A few steps beyond, I stopped to look upon a flame burning in front of a stone tomb at the foot of a monolith surrounded by an iron fence. I read the inscription, which referred to the heroes of the 2nd of May, and I remembered one of my favorite pages in Ben’s catalog, Goya’s firing-squad executions. A somewhat disquieting association. It made me feel like a participant in a history with which I refused to integrate. At the same time, I was impatient to finally hear what Abe Lewis had to tell me. I asked myself again why, after so many doubts, I had decided to meet with some stranger on the other side of the Atlantic, and, as always, the answer escaped me. You have to do it—not so much for us, for Lucia and me, but for you, Ben had repeated to me to the point of exhaustion. That wasn’t how I felt about it. I had lived twenty-eight years without knowing anything about the man they said was my father, and had felt no need, was not even curious, to know his story.
Ben again:
As much as you refuse to accept it, there’s an unresolved issue in your past. Only by going to Madrid will you be able to settle it. The only way you can say that your life belongs to you completely is if you do this. And the place is also important. Of course, you could always wait until Lewis comes back to the States, but it wouldn’t be the same. You have to return, set foot on the earth of Madrid, hear the language that Lucia and I made sure remained alive in you. But, most of all, be among your people, for in the end it’s as one of them that you came into this world.

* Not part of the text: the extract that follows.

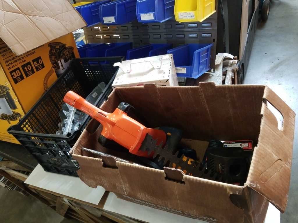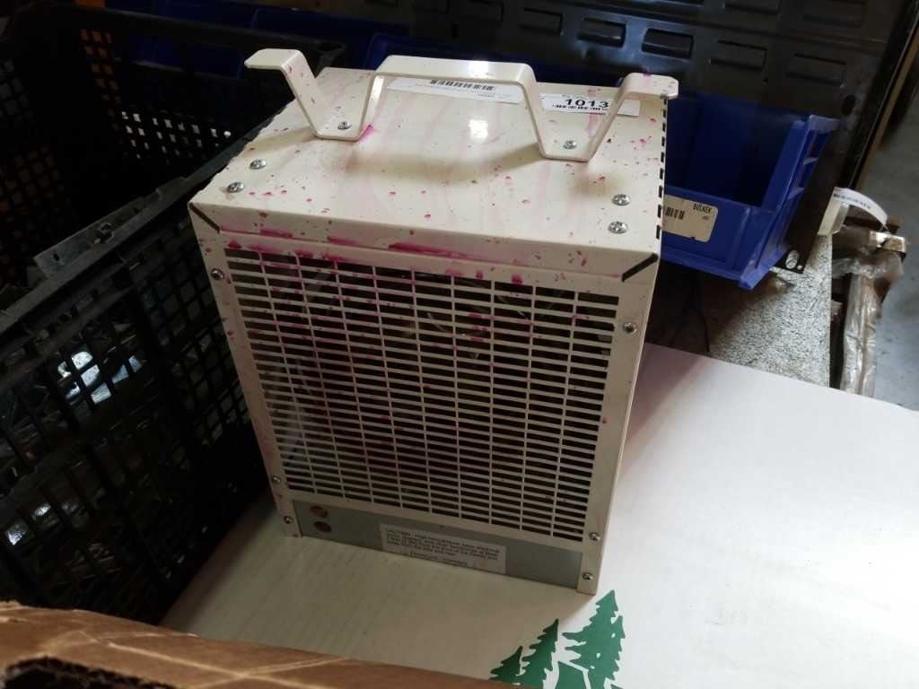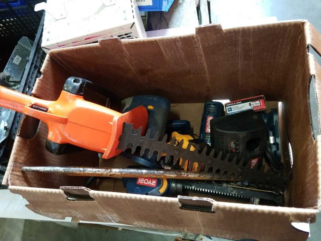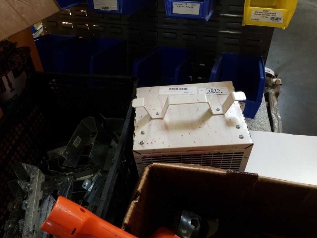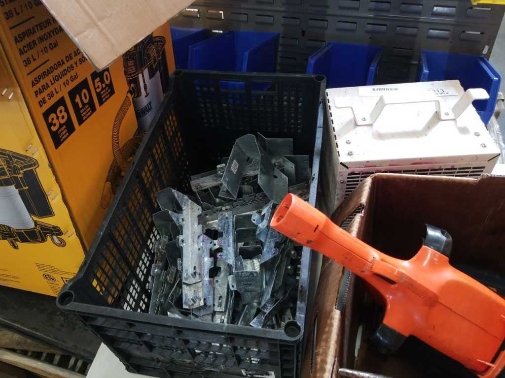 Box of power tools, crate of joist hangers and construction heater cut cord

After months of hesitation I made plans to travel to Spain, and the expression of relief on Ben’s face made it all worthwhile. But now that I was there, alone, there were many moments when the grand gesture I’d made seemed to me completely absurd.

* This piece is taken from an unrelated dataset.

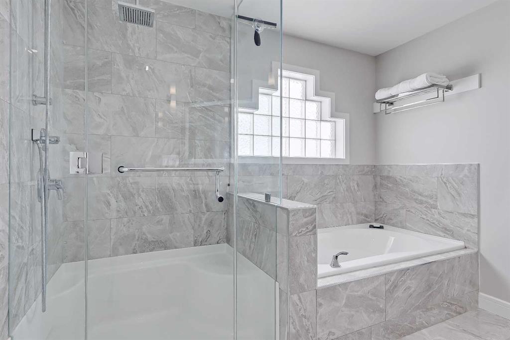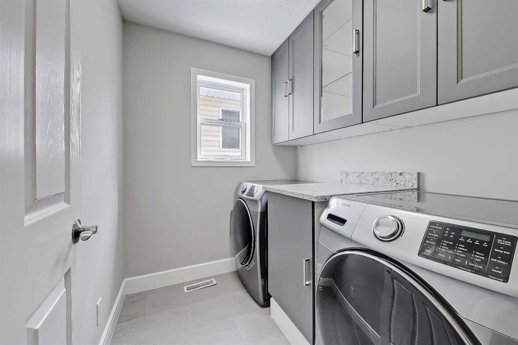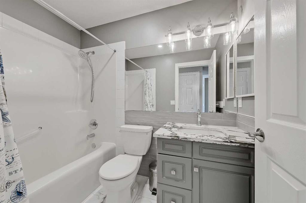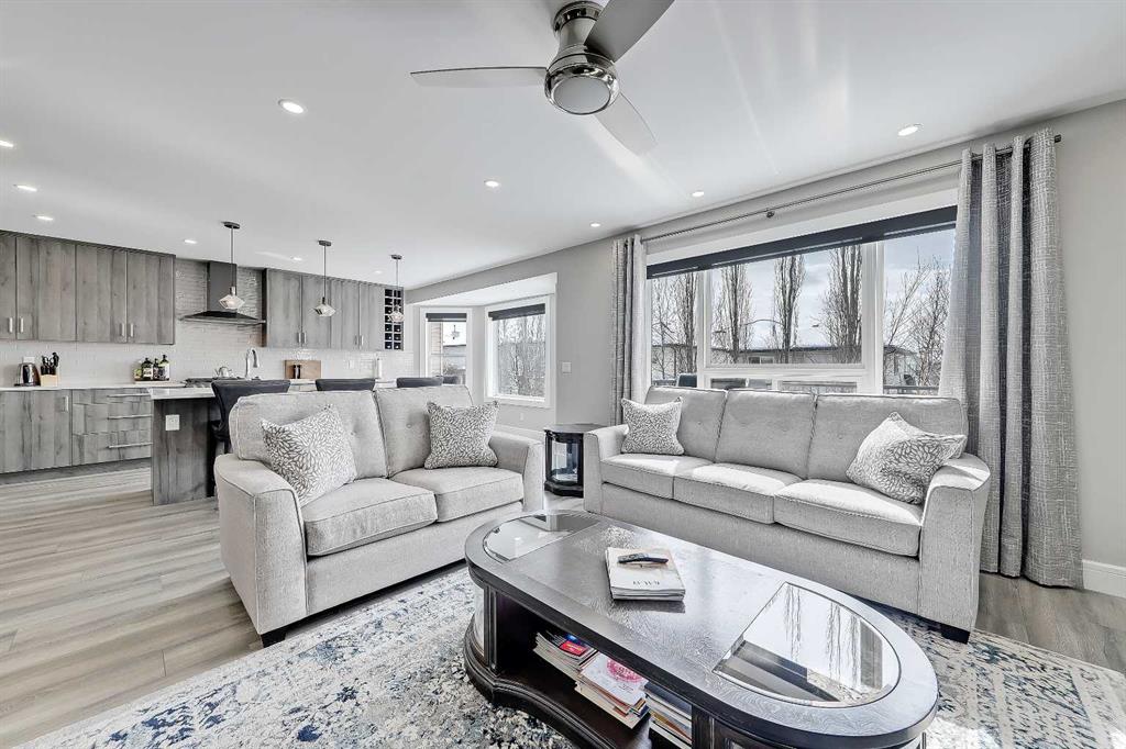 Upstairs, the layout is ideal for families with a large bonus room accented by a unique loft-style window feature, a serene primary retreat with bay windows, walk-in closet and a beautifully renovated 4-piece ensuite with a large vanity, oversized shower and soaker tub, plus two additional generously sized bedrooms and another renovated 4-piece bathroom. The bright walkout basement features an illegal 1-bedroom suite with a brand-new kitchen with an island, dinette area, full-height cabinetry and stainless-steel appliances, a spacious living room, large bedroom with included wardrobe, renovated 4-piece bathroom, separate laundry and a storage room.

When I reached the end of the boulevard I scrutinized the statue of Cibeles. Riding on a carriage pulled by lions, the goddess of Earth, mother of Neptune (suddenly I realized the connection between the two statues), looked off into the distance. In her wake, two granite children were at play turning over a pitcher from which poured a stream of water. Surrounding the fountain, palaces and gardens formed a circle that seemed designed to protect the stone image, magnificent in her solitude. I continued toward the Palacio de Comunicaciones and arrived at a wide street on a hill. Above, to my right, I saw the arches of the Puerta de Alcalá and, in front of me, on the other side of a crosswalk, the Cervecería de Correos.

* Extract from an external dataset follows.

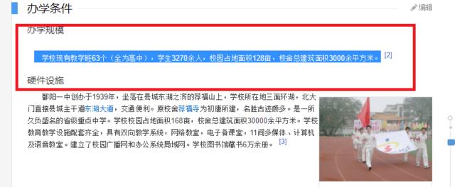 百科信息显示:鄱阳一中有教学班84个(包括高三复读班),学生14000余人,教职工467人(不含退休教工113人),校园占地面积168亩,校舍总建筑面积30000余平方米。而后面又有一句:学校现有教学班63个(全为高中),学生3270余人,校园占地面积128亩,校舍总建筑面积3000余平方米。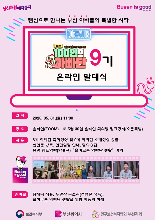 하반기에는 부산 내 육아 가정을 응원하고 함께 육아 분위기를 조성하기 위해 아이와 온 가족이 즐길 수 있는 시-구·군 아빠단 협동사업을 추진할 예정이다.

The place was packed and smelled of sawdust. A crowd, three-rows deep, made it impossible to approach the bar. A waiter called out to me from afar, asking what I wanted, and in an instant I had before me a tin mug atop a thick cork coaster in a tiny space the waiter had miraculously found for me. I saw the man I’d come to meet before I had taken the first sip of my beer. He was seated at a marble table in the front room to the left. Although I hadn’t described myself to him on the phone, he too had recognized me. His head raised, he followed my every movement. Without taking his eyes off me, he stood up and made a sign for me to come to him. When I got to the table, he shook my hand firmly.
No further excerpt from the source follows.